TASK BRIEF » Every line containing "Pakistan" should be identified and copied from the data below.

STUDY MATERIAL »
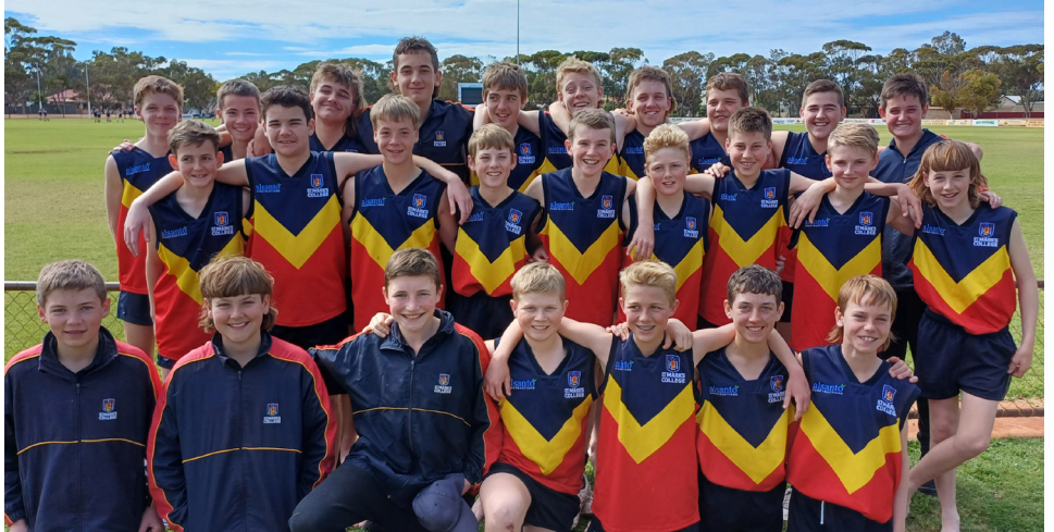
KNOCKOUT > Our Year 7 and 8 boys put in a great effort, finishing with a win and a loss at this weeks Knockout Football Competition
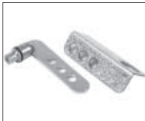
2530-PL - replaces 1/4 turn insert. (Galvanized & chrome plated.)
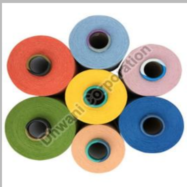
ATY Polyester Yarn
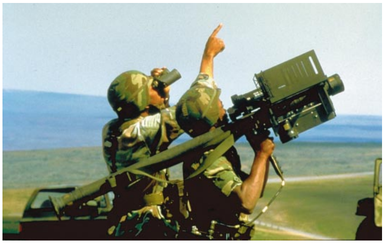
Reliable C4I capability is required to detect, identify, and track threats to warn and cue defensive assets.

architecture provides the timely intelligence and operational information needed to plan, employ, coordinate, deconflict, execute, and sustain joint counterair operations. Effective C4I systems help commanders fuse geographically separated offensive and defensive operations into a focused effort. These systems also facilitate the integration of counterair with other joint operations via rapid communications among commanders, staffs, sensors, weapon systems, and supporting agencies.
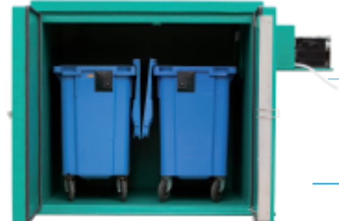
Storage capacity: 2 containers, 770 litres each
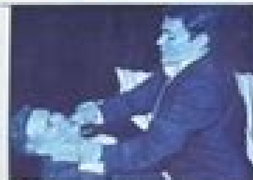
The ill-fated hands that belong to another!
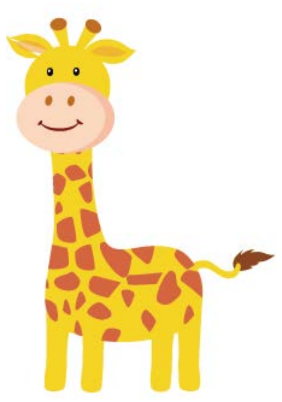
Giraffe Class Newsletter 2017 May
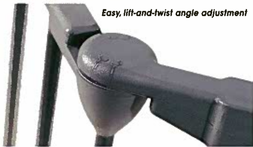
Easy, lift-and-twist angle adjustment

The HearthGate is 29 1/2" high and constructed of strong tubular steel with a black, non-toxic, heat resistant finish that is easy to maintain and blends with any decor. If White finish is desired, the ConfigureGate ® can be substituted.
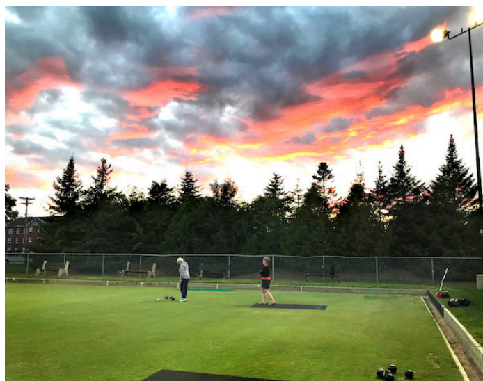
A striking sunset closes the season over the green of the Fredericton Lawn Bowling Club.
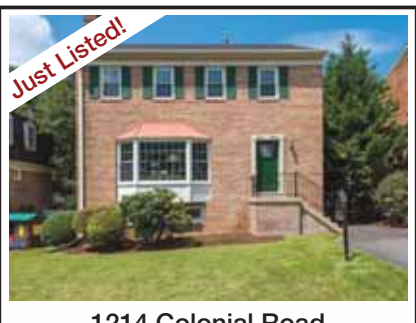
1214 Colonial Road McLean $925,000
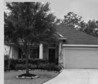
12814 MAGNOLIA ARBOR CT.
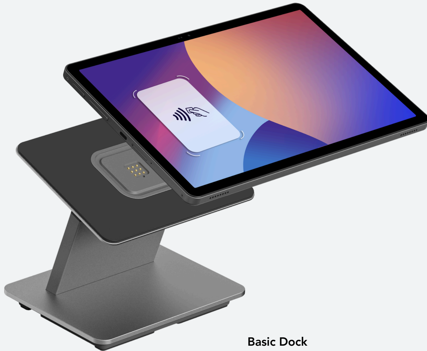
Basic Dock A basic stand for reliable docking

Falcon 2 is integrated with a magnetic dock design so that it can easily attach onto different docks to give a completely different experience.
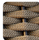
Nautic Rope Sand
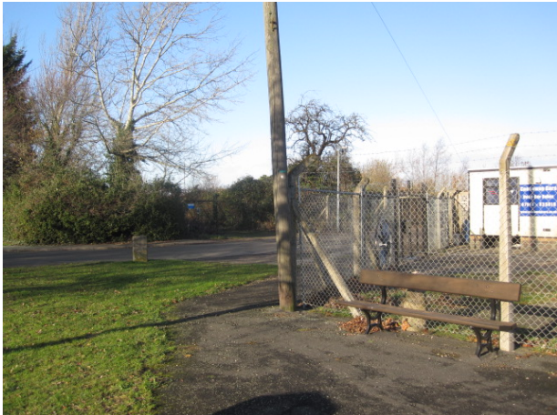
Existing provision looking north-east
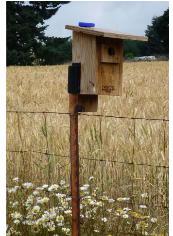
Unused nestbox that became home to 8 bluebird nestlings

Needless to say, this ultra-success in the nestbox I had helped build was a huge thrill for this first-year monitor momma!
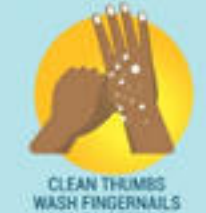
CLEAN THUMBS WASH FINGERNAILS AND FINGERTIPS
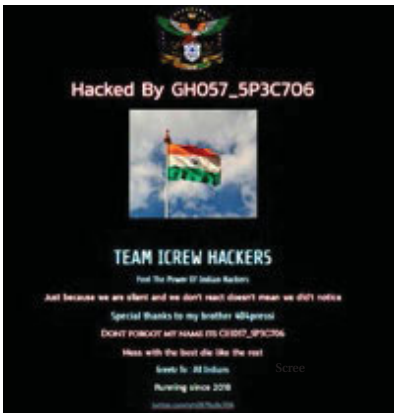
Screenshot of CAAN website

Banka with the message: 'Don't mess with Indians!' In retaliation hacker groups of Nepal were quick to make their moves where a hacker called 'SATAN' divulged fabric's API Key of ABP News. Then an anonymous Nepal-based hacker by the alias Omsec5 claimed to have hacked HDFC Bank's data while also leaking over 2,000 Aadhar card details of Indian nationals. Thankfully, though, as per ICT Frame, a cyber-space-oriented magazine, which has been reporting on cyber crimes and cyber security in Nepal, the Indian Cyber Troops, via their social media handle did try to bury the hatchet. The group's Facebook post dated May 22: "We've talked to Nepali hackers and now we are going to stop attacks. We are brothers. Establish peace," ending with #IaiHind and #Jai Nepal. However, things took a different turn after SATAN posted this on our sites: "We were gonna stop but some kids again started to deface our sites! We can't just sit back and watch. This is just a demo! #BackOffIndia." SATAN's retort has clearly exacerbated the situation. The In-
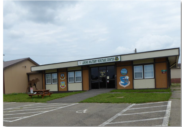
Figure 10. The Loring Military Heritage Center operates out of this building.

In 1998, thousands of acres of the former base property were transferred from the U.S. Air Force to the U.S. Fish & Wildlife Service for use as a wildlife refuge. This refuge, Aroostook National Wildlife Refuge, covers 7,750 acres in northern Maine; the refuge also manages more than 2,500 acres of conservation easements in areas not located on the former base. Immediately after the establishment of the refuge, extensive restoration work followed. Today, the refuge conserves and protects a diverse array of native wildlife habitats and species, educates visitors about the refuge and native wildlife and highlights the benefits of land conservation. It is the northernmost national wildlife refuge in the northeast United States. 3
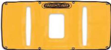
FREIGHTLINER BUSINESS CLASS NBPWF-1955Y

“Heavy-duty vinyl Winterfronts are GREAT for Cold weather. They protect radiators and grills from the elements. They are easily installed to bus fronts with Snaps or turn buttons (turn button hardware additional) CALL US TODAY TO ORDER YOURS 877-633-7278
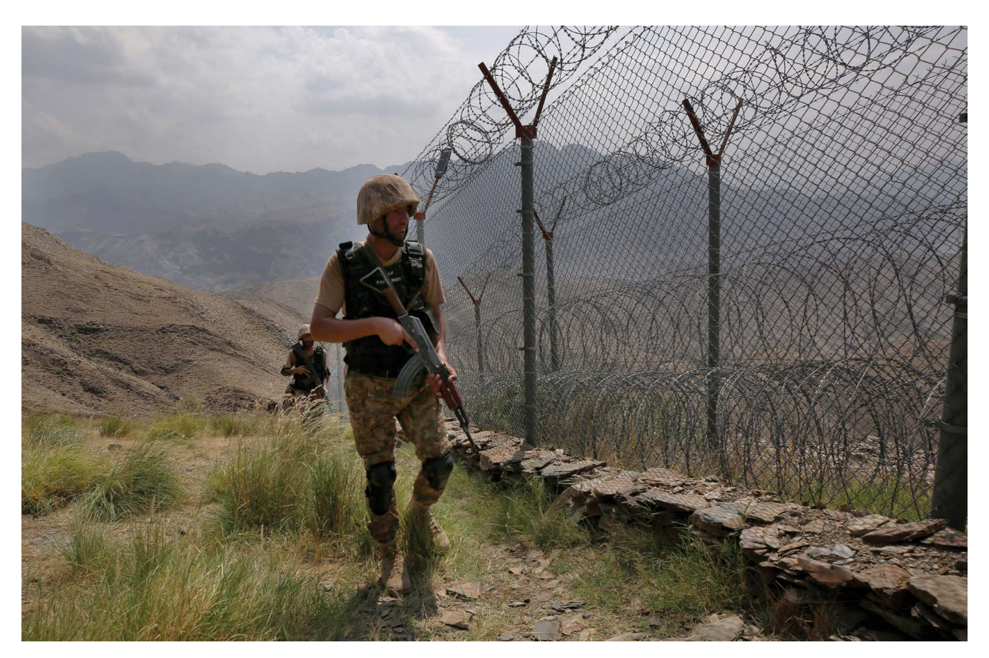
Pakistan Army troops patrol the fence on the Pakistan-Afghanistan border in Khyber District, Pakistan, on August 3, 2021.

"could be transgressed in the name of regional security." Such assertions fueled Afghans' grievance that Pakistan pursues its interests in Afghanistan without regard for sovereign Afghan territory.
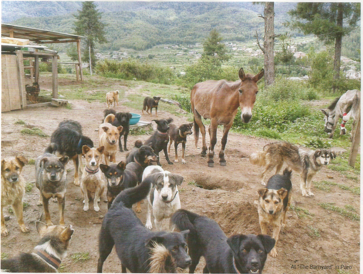
At "The Barnyard" in Paro
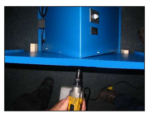
Step 8: Screw 5 self drilling screws through back panel and into the angle frame.
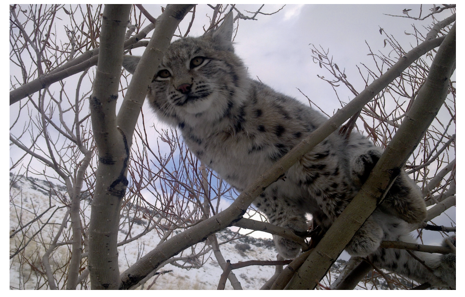
Fig. 4. A young Eurasian lynx in Avaj No-Hunting Area, Oazvin Province, in January 2012. The young animal was chased and treed by herding dogs, but later released.

ever, these landscapes are threatened due to clear-cutting and intensive logging (Sagheb-Talebi et al. 2013). Furthermore, traditional livestock husbandry system increasing risk of lynx-herding dog encounters is considered to be another threat to lynx in the country.
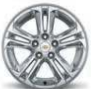
16" Aluminum (Standard on LT)
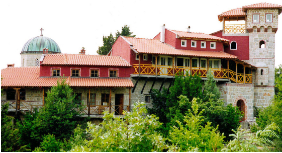
TVRDOS, Serb Orthodox monastery near the city of Trebinje, 15th-century
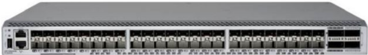
HPE Storage Fibre Channel Switch B-series SN6600B Q0U58C & R6V47A have a mini-USB console/serial port instead of an RJ-45
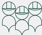
Maintenance and cleaning
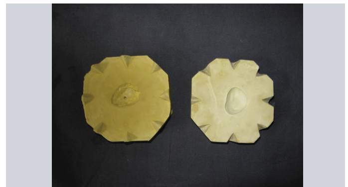
[Table/Fig-3]: Split Cast mold

An 80 year old male patient reported to the Department of Prosthodontics, P.M.N.M Dental College, Bagalkot, Karnataka, India, for the prosthetic replacement of a missing right eye. His history revealed that his right eye was enucleated 2 years ago, following an infection, pain and discomfort after he underwent a cataract operation in a local village medical camp [Table/Fig-1]. On general examination, it was noticed that the conjunctiva which covered the posterior wall of the anophthalmic socket was healthy and that it elicited synchronous movements. There was adequate depth between the upper and lower fornices for the retention of the ocular
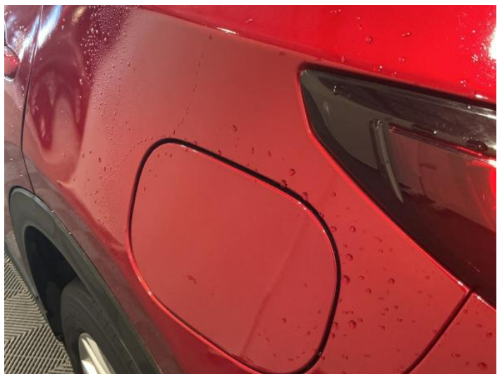
8: Qtr Panel nsr Dented Over 30mm
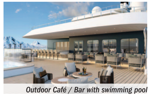
Outdoor Café / Bar with swimming pool

Built in Finland and launched in July 2022, Swan Hellenic's Vega is a new-generation expedition cruise ship. Although at 10,250 tons the ship is large enough to accommodate more than 250 passengers, Vega will accommodate a maximum of 152 guests in 76 spacious staterooms and balcony suites. The low guest density results in one of the most generous indoor and outdoor space-to-guest ratios among cruise ships.
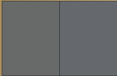
Double page Bleed size: 426 x 291 mm Trim size: 416 x 281 mm
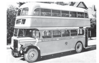
MMK046 - 1938 Northern Counties (A) AEC (L) Leyland
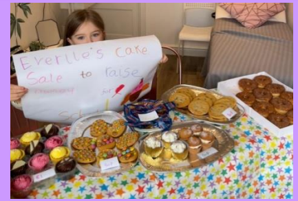
Friends of Redfield Edge 2024 challenge! 😊

We have had some great examples of children raising money. Thank you 😊
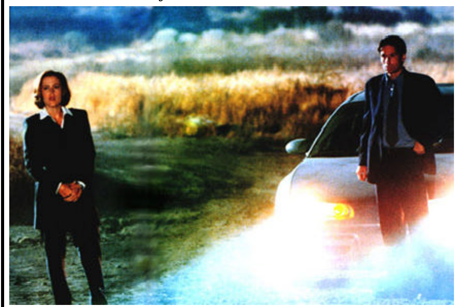
A scene from the new X-Files movie.
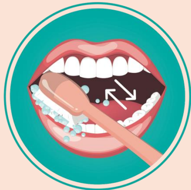
Brush the chewing surface of all teeth for 2 minutes twice a day
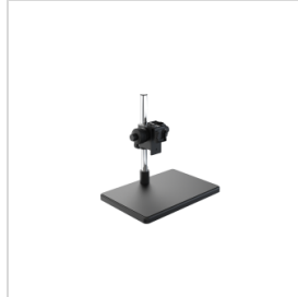
HM-AFBR07 Bracket for R&D Box Camera

COMPLIANCE NOTICE: The thermal series products might be subject to export controls in various countries or regions, including without limitation, the United States, European Union, United Kingdom and/or other member countries of the Wassenaar Arrangement. Please consult your professional legal or compliance expert or local government authorities for any necessary export license requirements if you intend to transfer, export, re-export the thermal series products between different countries.
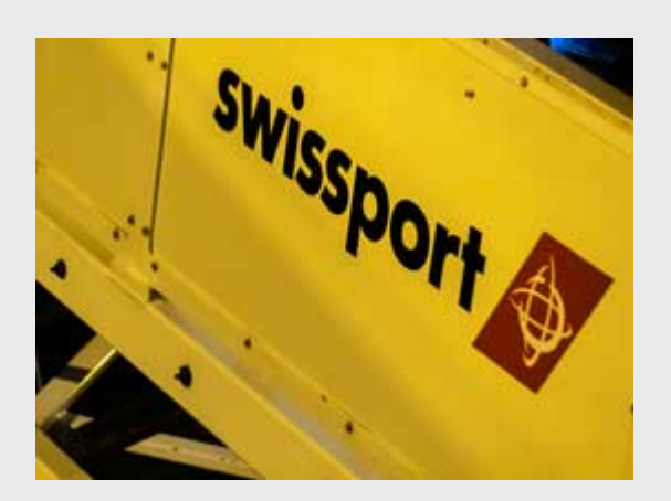
Unifor is concerned that a contract flip that resulted in Swissport losing its contract with Pierre Elliott Trudeau International Airport may leave up to 150 Unifor members without jobs at the end of June.

EXERCISE ANSWER »
Pakistan Army troops patrol the fence on the Pakistan-Afghanistan border in Khyber District, Pakistan, on August 3, 2021.
"could be transgressed in the name of regional security." Such assertions fueled Afghans' grievance that Pakistan pursues its interests in Afghanistan without regard for sovereign Afghan territory.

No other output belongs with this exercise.